OK, I have txt files that I am parsing and saving into a sql db. The names are formatted like

R306025COMP_272A4075_20090929_080159.txt

However, there are a select few (out of thousands of files) with names that are formatted differently (particularly files that were generated as tests), example

R306025COMP_SU2_TestBottom_20090915_101441.txt

The reason this causes a problem for me is that I am using Split('_')[1,2,etc] to extract the R number, the 272A4075 portion, and the 20090929 (date) portion.

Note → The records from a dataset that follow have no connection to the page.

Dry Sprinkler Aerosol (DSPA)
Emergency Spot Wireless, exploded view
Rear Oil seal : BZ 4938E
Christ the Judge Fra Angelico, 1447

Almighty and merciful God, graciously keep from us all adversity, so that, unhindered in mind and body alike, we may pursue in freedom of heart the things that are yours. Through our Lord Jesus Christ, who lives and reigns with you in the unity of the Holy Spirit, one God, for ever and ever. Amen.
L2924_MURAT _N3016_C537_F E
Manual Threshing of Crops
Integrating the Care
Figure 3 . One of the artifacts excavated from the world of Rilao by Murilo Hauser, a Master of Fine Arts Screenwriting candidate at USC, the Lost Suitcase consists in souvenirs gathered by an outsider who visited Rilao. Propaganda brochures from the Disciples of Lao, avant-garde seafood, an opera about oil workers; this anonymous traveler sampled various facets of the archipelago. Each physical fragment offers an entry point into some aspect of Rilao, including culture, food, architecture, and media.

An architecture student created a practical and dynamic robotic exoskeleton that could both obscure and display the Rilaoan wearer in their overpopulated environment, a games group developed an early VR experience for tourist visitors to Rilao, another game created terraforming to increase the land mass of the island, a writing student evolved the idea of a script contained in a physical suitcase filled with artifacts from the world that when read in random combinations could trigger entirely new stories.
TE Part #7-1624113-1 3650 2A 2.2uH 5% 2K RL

When the application comes across the oddly named files, it fails because it is trying to parse 'TestBottom' as a date and inserts 'SU2' instead of the 272 number.

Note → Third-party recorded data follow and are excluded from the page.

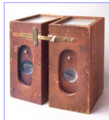
"VERMEER" CAMERA c 1906

Les Jones is preparing an article on this "Vermeer" camera (see below) and would appreciate any information or citations our readers can offer. It is understood that the 17th century painter Vermeer used a camera obscura to map out his paintings. This double optical box c1906 was used in art training schools, aiming one lens at the subject and the other lens at the art in preparation. Comparing images in the ground glass viewing areas aided students to achieve life copies. Contact Les by phone at (416) 691-1555 or email at lesjones@ca.inter.net
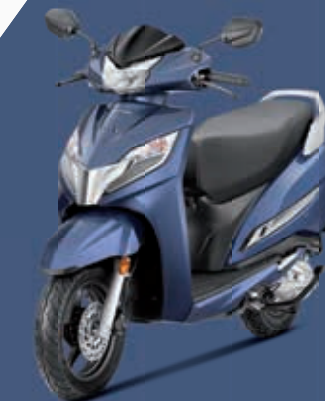
MIDNIGHT BLUE METALLIC
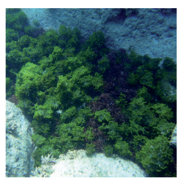
Fig. 25: Codium parvulum, Kfar Abida, August 2012.

In Lebanon, we first found C. parvulum at Nakour-
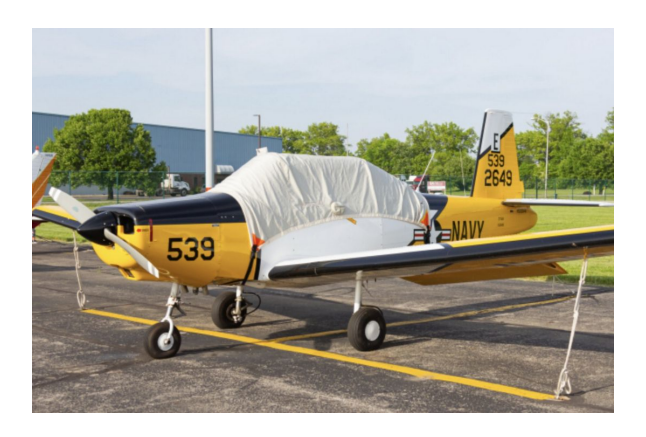
Varga Kachina Canopy Cover

This cover type is made from Silver Acrylic Sunbrella canvas and is 100% lined with a soft and smooth microfiber. Bruce's Custom Covers developed this material combination especially for aircraft protection. The outer material is medium weight and treated for water resistance, UV resistance and anti-static buildup. The inner lining is a very soft and smooth microfiber to prevent scratching. The material is very reflective, and tests show that the cabin interior temperature can be reduced to near-ambient temperature on the hottest of days. It is water, ice and snow repellent, yet breathable to allow moisture to escape from between the cover and the aircraft surface.
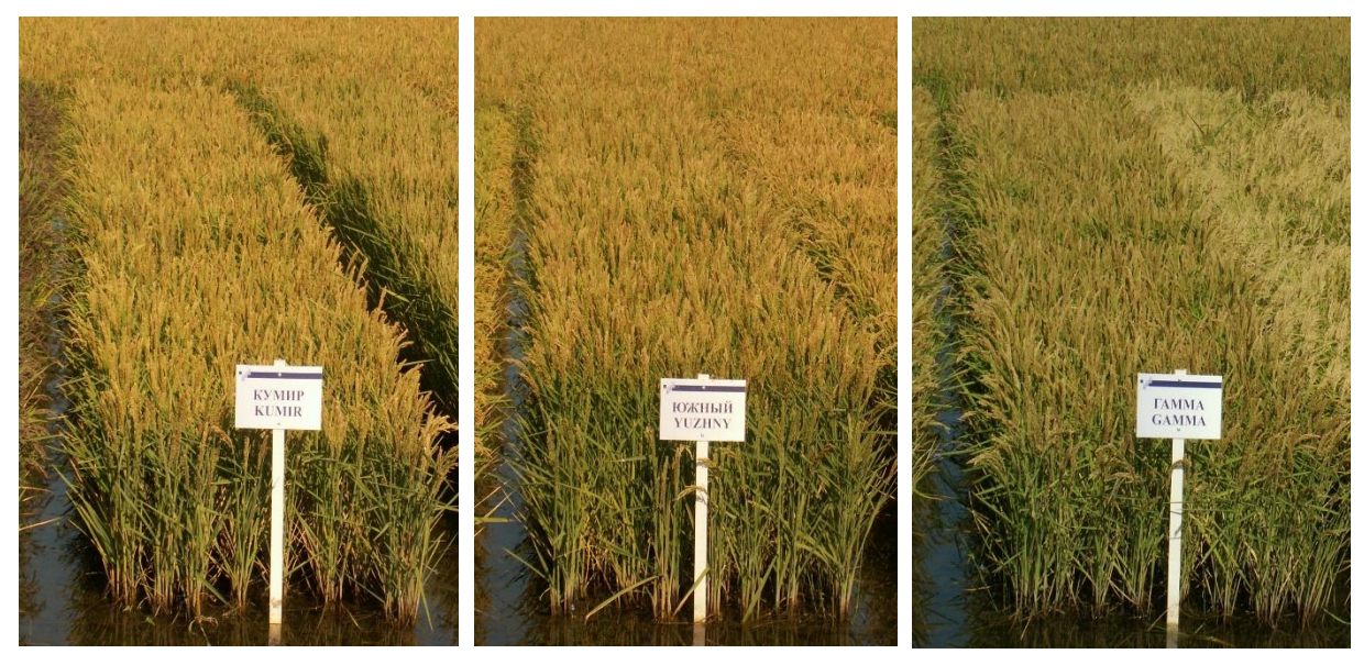
High yielding rice varieties resistant to blast Kumir, Yuzhny and Gamma

No shattering even in case of overmatured stand, but the panicles are easily trashed out. Therefore harvesting can be either direct or two-stage.
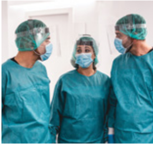
Ambulatory surgery centers

The ultimate automated solution for washing, rinsing, disinfecting, and drying your complex instruments prior to sterilization. Designed to simplify your work by eliminating manual washing and reducing your manpower. Ensuring the safety of your patients by providing consistent quality washing cycles at all time and ensuring the safety of your staff by eliminating risks of exposure to potentially harmful aerosols.
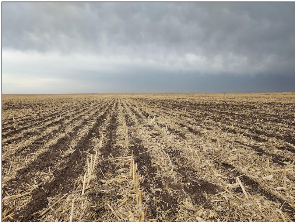
Plate 9. Adjacent strip-till (left side) and conventional-till (right side) treatments in a pivot-irrigated field in Dallam County, May 2023.
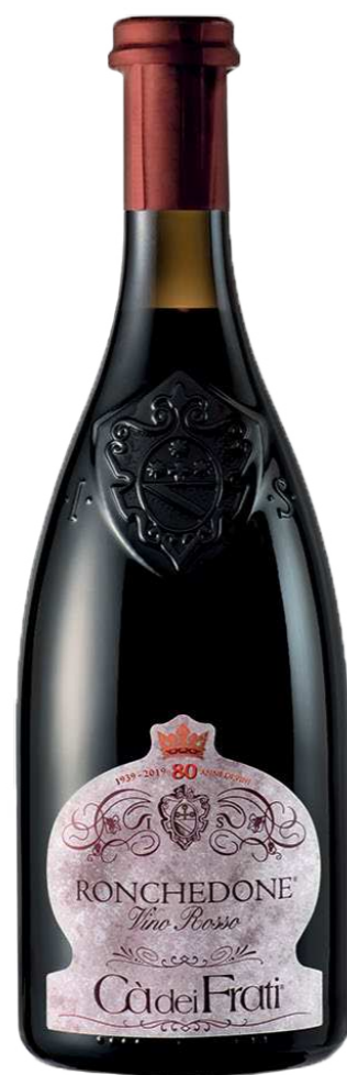
Ronchedone Vino Rosso IGT

Basically I want the app to recognize that if the file's name is not formatted like my first example, skip it. Any advice?

+2  A: 

Can you just do the following based on the split:

string[] parsedLine = yourData.Split('_');
string theR = parsedLine[0];
string theCode = parsedLine[1];
string theDatePart = (parsedLine.Length > 4) ? parsedLine[3] : parsedLine[2];

If you want it to just skip it the bad lines just do:

string[] parsedLine = yourData.Split('_');
if (parsedLine.Length > 4) continue;  // assuming your looping

Would need to see a little code if you want a better solution as I am not exactly sure how you are getting the line data.

Kelsey
@jakesankey You should only do the split once and store it and then do a check if the data is valid BEFORE trying to write to the DB. Doing it all inline with no validation seems to be your problem.
Kelsey
the problem with this would be if the name changed to something like R306025COMP_TestBottom_20090915_101441_SU2.txt .. Then what would happen???
jakesankey
A: 
foreach (var fileName in fileNames) {
    if (fileName.Count(c => c == '_') != 3) continue;
    // etc...
}
kevingessner
+1  A: 

Use a regex match on the file name, which means it will match the regex anywhere in the filename (so you don't have to be concerned about exactly where in the string it occurs, and the exact result is extracted out for you). Then if you fail to find the required matches, skip the file (no exceptions are generated, you just get nothing in your Matches object).

I'd do you up a sample but i don't have VS handy at the moment. The Regex stuff lives in the System.Text.RegularExpressions namespace.

slugster
I would love to see an example of this!